» **WORK TO BE COMPLETED**
The result should be an exact copy of the entries below, free of pictures.

##### EXERCISE MATERIALS #####

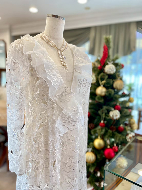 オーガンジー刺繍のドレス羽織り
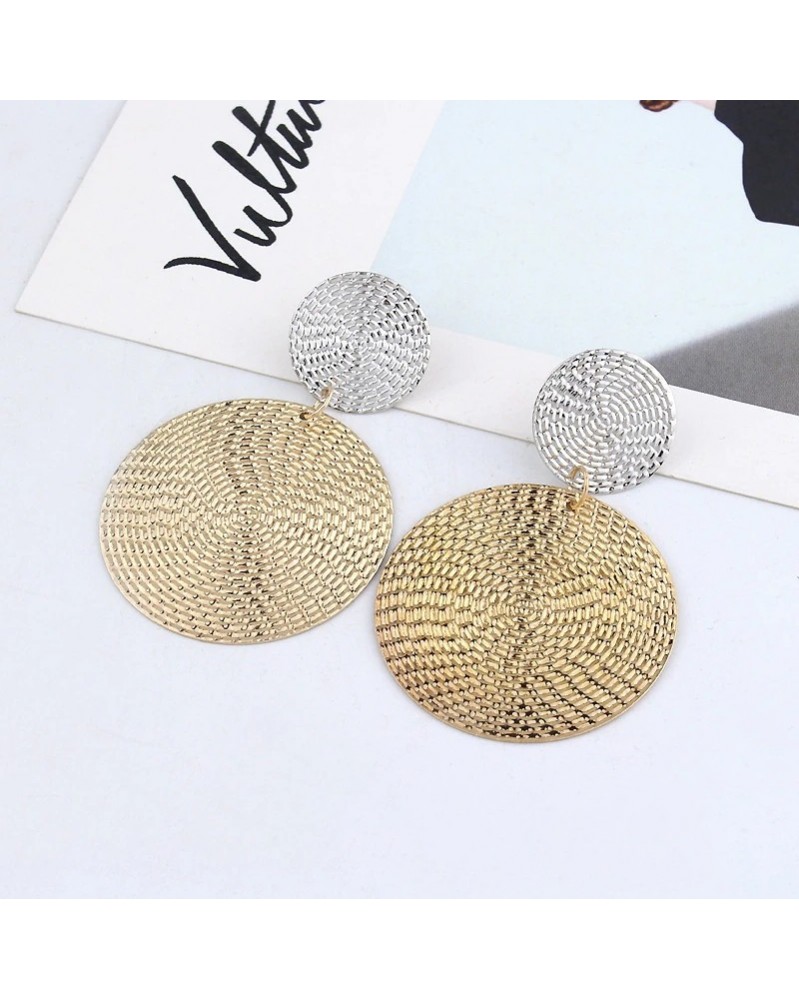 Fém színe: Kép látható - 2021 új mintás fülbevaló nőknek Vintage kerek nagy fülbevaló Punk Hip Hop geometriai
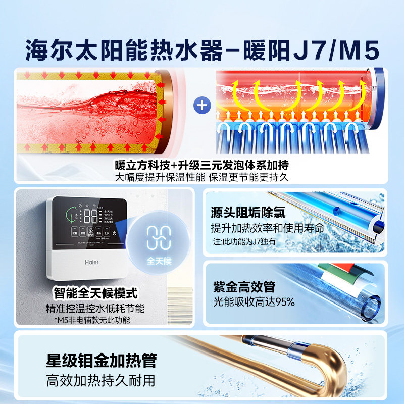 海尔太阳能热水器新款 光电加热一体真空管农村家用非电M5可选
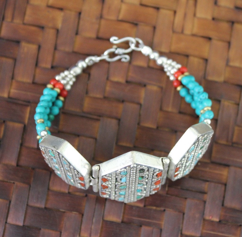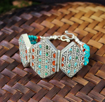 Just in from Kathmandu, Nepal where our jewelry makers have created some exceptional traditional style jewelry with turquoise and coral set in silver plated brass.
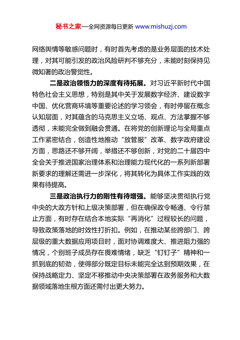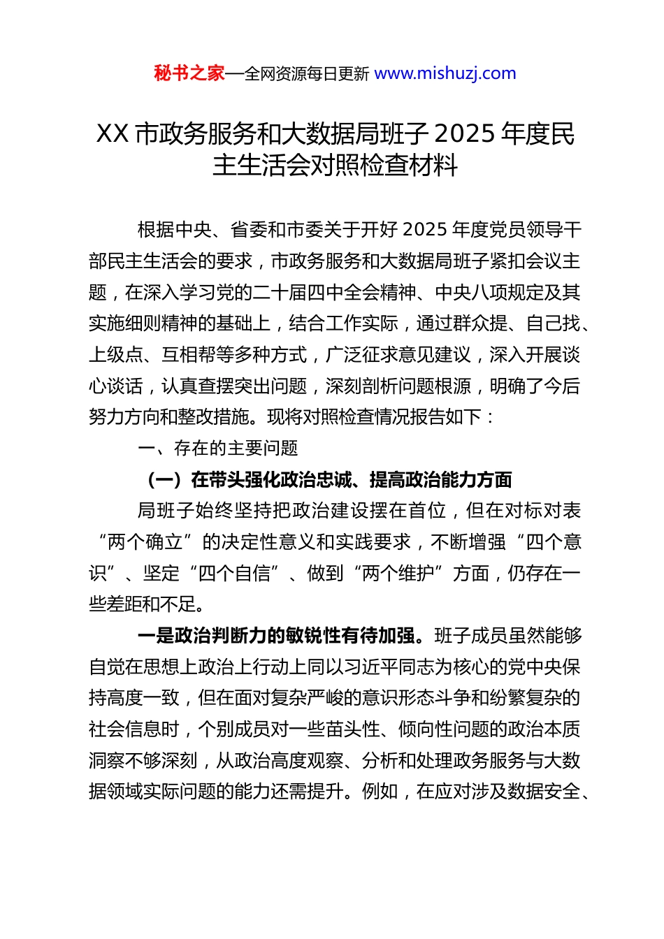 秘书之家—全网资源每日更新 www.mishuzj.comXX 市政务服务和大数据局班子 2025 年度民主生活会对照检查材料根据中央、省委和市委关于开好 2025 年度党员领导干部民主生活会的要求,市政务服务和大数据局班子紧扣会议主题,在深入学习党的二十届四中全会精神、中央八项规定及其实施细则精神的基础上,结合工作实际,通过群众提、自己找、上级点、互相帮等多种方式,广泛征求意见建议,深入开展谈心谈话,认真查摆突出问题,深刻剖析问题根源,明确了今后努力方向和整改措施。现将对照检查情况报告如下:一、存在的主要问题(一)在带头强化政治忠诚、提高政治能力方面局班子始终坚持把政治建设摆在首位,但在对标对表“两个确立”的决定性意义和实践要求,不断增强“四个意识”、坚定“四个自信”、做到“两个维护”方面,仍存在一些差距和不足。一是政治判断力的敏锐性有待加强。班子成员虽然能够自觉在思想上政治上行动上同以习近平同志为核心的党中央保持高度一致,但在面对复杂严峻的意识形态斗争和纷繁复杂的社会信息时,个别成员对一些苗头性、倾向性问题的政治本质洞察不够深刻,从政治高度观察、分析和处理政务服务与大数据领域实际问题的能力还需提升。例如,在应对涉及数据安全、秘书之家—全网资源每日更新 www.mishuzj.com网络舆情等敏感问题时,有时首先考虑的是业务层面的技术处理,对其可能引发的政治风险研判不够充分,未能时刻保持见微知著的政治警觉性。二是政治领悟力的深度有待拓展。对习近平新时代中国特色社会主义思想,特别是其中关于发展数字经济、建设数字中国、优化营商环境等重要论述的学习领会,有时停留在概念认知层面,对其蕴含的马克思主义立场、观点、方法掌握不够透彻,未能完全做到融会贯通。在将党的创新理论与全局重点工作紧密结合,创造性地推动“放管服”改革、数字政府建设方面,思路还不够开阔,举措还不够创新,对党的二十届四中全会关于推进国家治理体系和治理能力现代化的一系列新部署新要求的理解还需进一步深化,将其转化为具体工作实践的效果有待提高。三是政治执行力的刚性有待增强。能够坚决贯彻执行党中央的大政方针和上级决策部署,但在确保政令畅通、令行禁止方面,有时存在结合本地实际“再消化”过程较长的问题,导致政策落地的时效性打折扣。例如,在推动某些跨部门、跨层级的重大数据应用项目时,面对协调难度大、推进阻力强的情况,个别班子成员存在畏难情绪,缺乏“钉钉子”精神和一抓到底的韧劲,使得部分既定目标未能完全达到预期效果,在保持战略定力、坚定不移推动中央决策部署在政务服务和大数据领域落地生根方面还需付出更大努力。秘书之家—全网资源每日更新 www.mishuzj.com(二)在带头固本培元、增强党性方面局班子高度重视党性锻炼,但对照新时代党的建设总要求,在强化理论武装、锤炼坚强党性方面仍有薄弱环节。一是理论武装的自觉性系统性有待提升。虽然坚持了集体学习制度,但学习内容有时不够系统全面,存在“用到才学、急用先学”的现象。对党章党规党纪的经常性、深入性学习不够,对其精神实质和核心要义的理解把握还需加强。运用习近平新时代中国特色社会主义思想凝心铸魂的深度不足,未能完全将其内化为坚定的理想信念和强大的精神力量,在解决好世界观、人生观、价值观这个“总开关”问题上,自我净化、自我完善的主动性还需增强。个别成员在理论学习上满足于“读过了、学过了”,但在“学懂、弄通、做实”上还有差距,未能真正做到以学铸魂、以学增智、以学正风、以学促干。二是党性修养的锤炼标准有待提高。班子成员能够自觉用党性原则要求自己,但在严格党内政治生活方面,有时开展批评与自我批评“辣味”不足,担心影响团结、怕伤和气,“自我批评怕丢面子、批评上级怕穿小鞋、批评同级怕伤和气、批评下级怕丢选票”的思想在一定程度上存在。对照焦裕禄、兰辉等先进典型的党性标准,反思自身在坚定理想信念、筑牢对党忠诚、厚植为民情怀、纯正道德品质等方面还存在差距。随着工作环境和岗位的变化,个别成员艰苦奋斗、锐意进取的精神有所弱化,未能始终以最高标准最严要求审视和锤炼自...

#####

» **RESULT OF THE EXERCISE**
 オーガンジー刺繍のドレス羽織り
 Fém színe: Kép látható - 2021 új mintás fülbevaló nőknek Vintage kerek nagy fülbevaló Punk Hip Hop geometriai
 海尔太阳能热水器新款 光电加热一体真空管农村家用非电M5可选
 Just in from Kathmandu, Nepal where our jewelry makers have created some exceptional traditional style jewelry with turquoise and coral set in silver plated brass.
 秘书之家—全网资源每日更新 www.mishuzj.comXX 市政务服务和大数据局班子 2025 年度民主生活会对照检查材料根据中央、省委和市委关于开好 2025 年度党员领导干部民主生活会的要求,市政务服务和大数据局班子紧扣会议主题,在深入学习党的二十届四中全会精神、中央八项规定及其实施细则精神的基础上,结合工作实际,通过群众提、自己找、上级点、互相帮等多种方式,广泛征求意见建议,深入开展谈心谈话,认真查摆突出问题,深刻剖析问题根源,明确了今后努力方向和整改措施。现将对照检查情况报告如下:一、存在的主要问题(一)在带头强化政治忠诚、提高政治能力方面局班子始终坚持把政治建设摆在首位,但在对标对表“两个确立”的决定性意义和实践要求,不断增强“四个意识”、坚定“四个自信”、做到“两个维护”方面,仍存在一些差距和不足。一是政治判断力的敏锐性有待加强。班子成员虽然能够自觉在思想上政治上行动上同以习近平同志为核心的党中央保持高度一致,但在面对复杂严峻的意识形态斗争和纷繁复杂的社会信息时,个别成员对一些苗头性、倾向性问题的政治本质洞察不够深刻,从政治高度观察、分析和处理政务服务与大数据领域实际问题的能力还需提升。例如,在应对涉及数据安全、秘书之家—全网资源每日更新 www.mishuzj.com网络舆情等敏感问题时,有时首先考虑的是业务层面的技术处理,对其可能引发的政治风险研判不够充分,未能时刻保持见微知著的政治警觉性。二是政治领悟力的深度有待拓展。对习近平新时代中国特色社会主义思想,特别是其中关于发展数字经济、建设数字中国、优化营商环境等重要论述的学习领会,有时停留在概念认知层面,对其蕴含的马克思主义立场、观点、方法掌握不够透彻,未能完全做到融会贯通。在将党的创新理论与全局重点工作紧密结合,创造性地推动“放管服”改革、数字政府建设方面,思路还不够开阔,举措还不够创新,对党的二十届四中全会关于推进国家治理体系和治理能力现代化的一系列新部署新要求的理解还需进一步深化,将其转化为具体工作实践的效果有待提高。三是政治执行力的刚性有待增强。能够坚决贯彻执行党中央的大政方针和上级决策部署,但在确保政令畅通、令行禁止方面,有时存在结合本地实际“再消化”过程较长的问题,导致政策落地的时效性打折扣。例如,在推动某些跨部门、跨层级的重大数据应用项目时,面对协调难度大、推进阻力强的情况,个别班子成员存在畏难情绪,缺乏“钉钉子”精神和一抓到底的韧劲,使得部分既定目标未能完全达到预期效果,在保持战略定力、坚定不移推动中央决策部署在政务服务和大数据领域落地生根方面还需付出更大努力。秘书之家—全网资源每日更新 www.mishuzj.com(二)在带头固本培元、增强党性方面局班子高度重视党性锻炼,但对照新时代党的建设总要求,在强化理论武装、锤炼坚强党性方面仍有薄弱环节。一是理论武装的自觉性系统性有待提升。虽然坚持了集体学习制度,但学习内容有时不够系统全面,存在“用到才学、急用先学”的现象。对党章党规党纪的经常性、深入性学习不够,对其精神实质和核心要义的理解把握还需加强。运用习近平新时代中国特色社会主义思想凝心铸魂的深度不足,未能完全将其内化为坚定的理想信念和强大的精神力量,在解决好世界观、人生观、价值观这个“总开关”问题上,自我净化、自我完善的主动性还需增强。个别成员在理论学习上满足于“读过了、学过了”,但在“学懂、弄通、做实”上还有差距,未能真正做到以学铸魂、以学增智、以学正风、以学促干。二是党性修养的锤炼标准有待提高。班子成员能够自觉用党性原则要求自己,但在严格党内政治生活方面,有时开展批评与自我批评“辣味”不足,担心影响团结、怕伤和气,“自我批评怕丢面子、批评上级怕穿小鞋、批评同级怕伤和气、批评下级怕丢选票”的思想在一定程度上存在。对照焦裕禄、兰辉等先进典型的党性标准,反思自身在坚定理想信念、筑牢对党忠诚、厚植为民情怀、纯正道德品质等方面还存在差距。随着工作环境和岗位的变化,个别成员艰苦奋斗、锐意进取的精神有所弱化,未能始终以最高标准最严要求审视和锤炼自...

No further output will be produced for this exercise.